The iINS-4F mouse: A novel tool to explore the regenerative effect of partial reprogramming in the pancreas

Resumen

Type 1 diabetes mellitus is a metabolic disease caused by autoinmmune destruction of pancreatic β-cells. Although current therapies allow glycemic control, they do not restore the function of these cells, underscoring the need for innovative therapeutic approaches. In this context, partial reprogramming by transient overexpression of Yamanaka factors (OSKM) has emerged as a promising strategy in regenerative medicine (Chondronasiou et al., 2022).

In this study, we introduce the iINS-4F murine model, designed to induce partial reprogramming specifically in pancreatic β-cells. This model combines the TetOn system with Cre recombinase, allowing controlled activation of OSKM exclusively in β-cells following doxycycline administration. To evaluate its potential, we implemented a partial reprogramming protocol based on short induction cycles in both young and old animals.
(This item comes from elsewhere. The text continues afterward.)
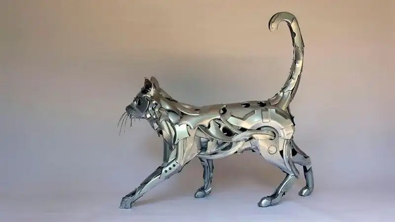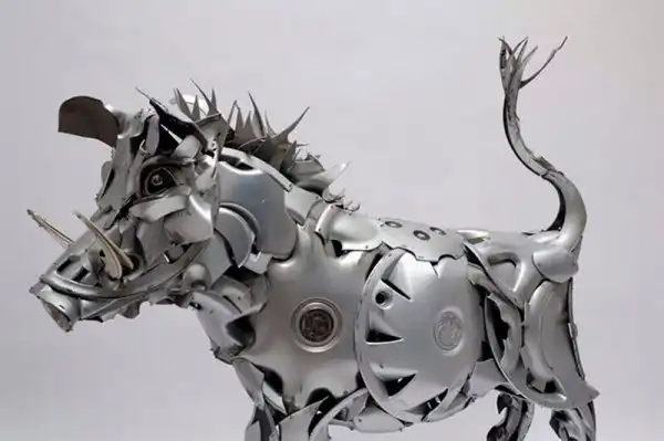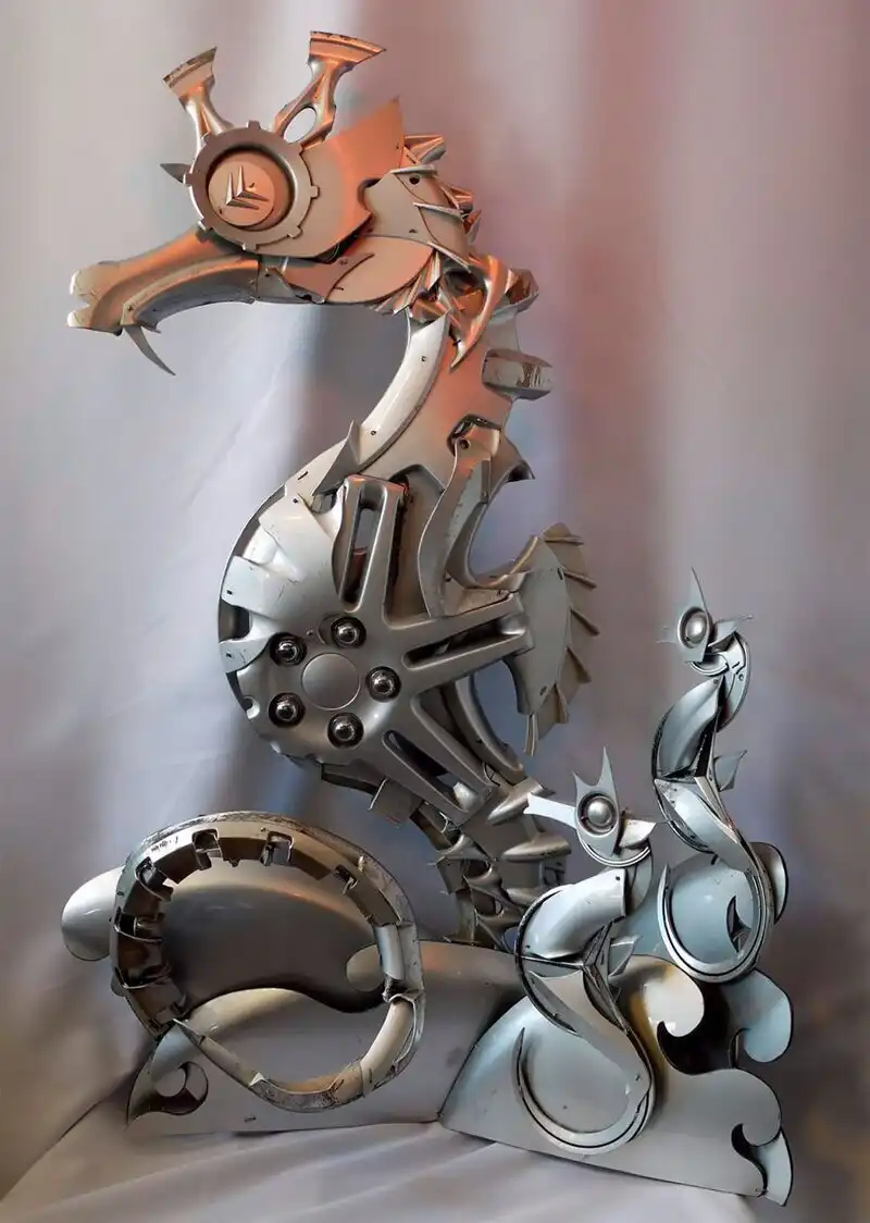 Птолемей Эрлингтон - скульптор из британского города Брайтон. Уже много лет он творит свои работы из металлического мусора - колесных колпаков, старых запчастей, сломанных тележек из супермаркета. С помощью сварочного аппарата он превращает их в удивительных животных.

We have performed a comprehensive characterization of the iINS-4F model, analyzing the specificity and expression level of OSKM as well as its impact on key β-cell identity markers. Our results reveal an initial phase of transient dedifferentiation, marked by the reversible loss of insulin and Glut2. The ability to recover after a rest period indicates a remarkable flexibility of the system. Furthermore, our data suggest that although age does not subtantially limit reprogramming and recovery, sex could influence the process.

These findings position the iINS-4F model as a valuable tool for the study of partial reprogramming in pancreatic β-cells and open new possibilities for its application in innovative diabetes therapies.